### Problem details:
Below are some entries. Repeat exactly the lines from the one with "此次活动得到了各高校师生的广" through the one with "Cut and sewn", and only those.

### Extracted material:
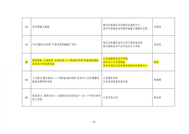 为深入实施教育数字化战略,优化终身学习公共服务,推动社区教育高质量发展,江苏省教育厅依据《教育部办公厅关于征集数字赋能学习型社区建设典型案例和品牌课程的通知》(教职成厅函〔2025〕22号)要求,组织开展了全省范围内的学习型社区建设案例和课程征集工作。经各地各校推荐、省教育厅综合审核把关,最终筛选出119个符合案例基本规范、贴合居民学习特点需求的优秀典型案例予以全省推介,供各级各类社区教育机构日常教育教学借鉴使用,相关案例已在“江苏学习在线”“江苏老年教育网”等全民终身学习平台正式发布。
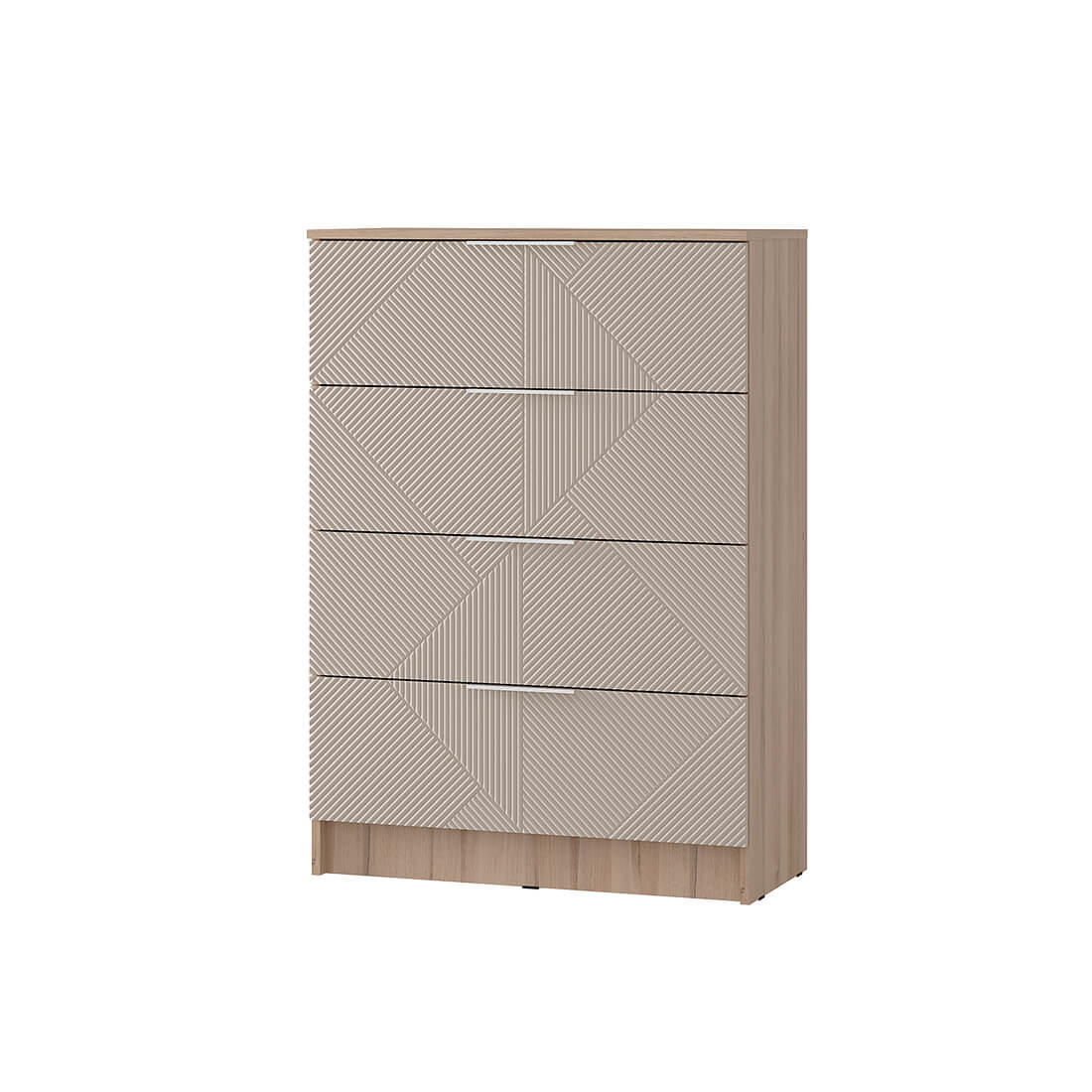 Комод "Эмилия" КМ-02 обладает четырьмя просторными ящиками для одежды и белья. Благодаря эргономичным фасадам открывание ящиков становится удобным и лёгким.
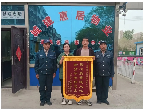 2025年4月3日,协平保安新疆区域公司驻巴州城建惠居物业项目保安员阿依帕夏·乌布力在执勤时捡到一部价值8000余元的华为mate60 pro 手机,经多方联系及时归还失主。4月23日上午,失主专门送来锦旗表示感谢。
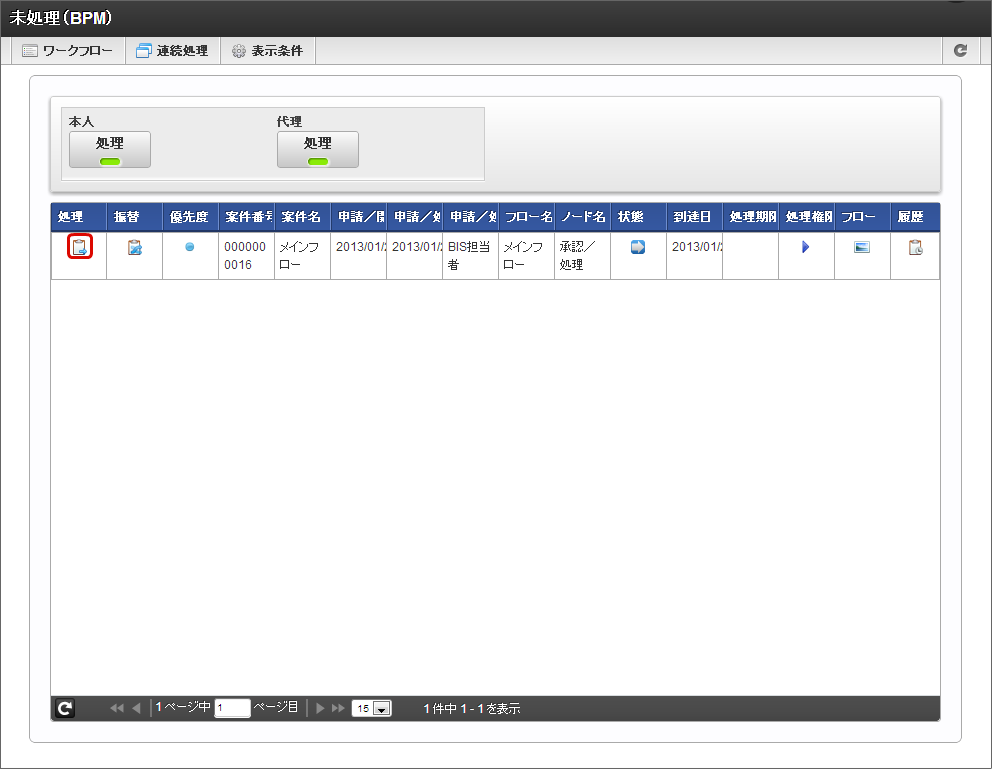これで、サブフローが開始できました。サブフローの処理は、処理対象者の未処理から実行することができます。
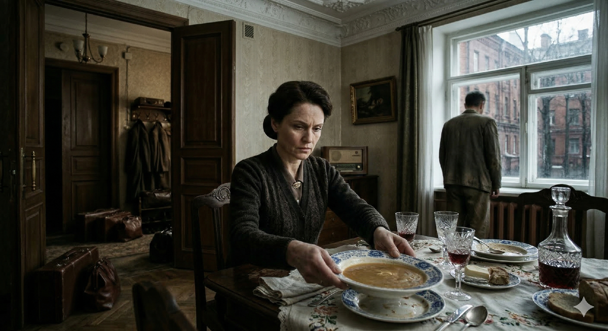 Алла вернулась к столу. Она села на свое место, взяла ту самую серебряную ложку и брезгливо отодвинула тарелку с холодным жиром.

---

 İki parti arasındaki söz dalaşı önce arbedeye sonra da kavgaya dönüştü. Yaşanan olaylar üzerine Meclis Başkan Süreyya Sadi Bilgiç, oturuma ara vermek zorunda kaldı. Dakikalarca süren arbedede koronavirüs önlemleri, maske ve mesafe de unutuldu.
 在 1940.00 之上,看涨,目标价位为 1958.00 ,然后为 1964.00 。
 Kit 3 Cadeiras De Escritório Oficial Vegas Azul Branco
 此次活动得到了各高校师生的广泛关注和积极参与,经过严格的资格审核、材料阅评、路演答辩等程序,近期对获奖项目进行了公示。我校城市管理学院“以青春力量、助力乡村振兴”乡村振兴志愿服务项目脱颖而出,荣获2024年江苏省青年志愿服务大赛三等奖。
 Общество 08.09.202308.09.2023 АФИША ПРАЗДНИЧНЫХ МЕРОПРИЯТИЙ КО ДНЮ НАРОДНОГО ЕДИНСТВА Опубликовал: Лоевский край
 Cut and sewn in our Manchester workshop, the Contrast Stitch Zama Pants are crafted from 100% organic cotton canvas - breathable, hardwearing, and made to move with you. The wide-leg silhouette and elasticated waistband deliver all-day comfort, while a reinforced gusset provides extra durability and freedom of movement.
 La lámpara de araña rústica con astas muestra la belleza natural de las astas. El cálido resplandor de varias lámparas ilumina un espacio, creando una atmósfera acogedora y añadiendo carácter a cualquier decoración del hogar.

### Solved problem:
 此次活动得到了各高校师生的广泛关注和积极参与,经过严格的资格审核、材料阅评、路演答辩等程序,近期对获奖项目进行了公示。我校城市管理学院“以青春力量、助力乡村振兴”乡村振兴志愿服务项目脱颖而出,荣获2024年江苏省青年志愿服务大赛三等奖。
 Общество 08.09.202308.09.2023 АФИША ПРАЗДНИЧНЫХ МЕРОПРИЯТИЙ КО ДНЮ НАРОДНОГО ЕДИНСТВА Опубликовал: Лоевский край
 Cut and sewn in our Manchester workshop, the Contrast Stitch Zama Pants are crafted from 100% organic cotton canvas - breathable, hardwearing, and made to move with you. The wide-leg silhouette and elasticated waistband deliver all-day comfort, while a reinforced gusset provides extra durability and freedom of movement.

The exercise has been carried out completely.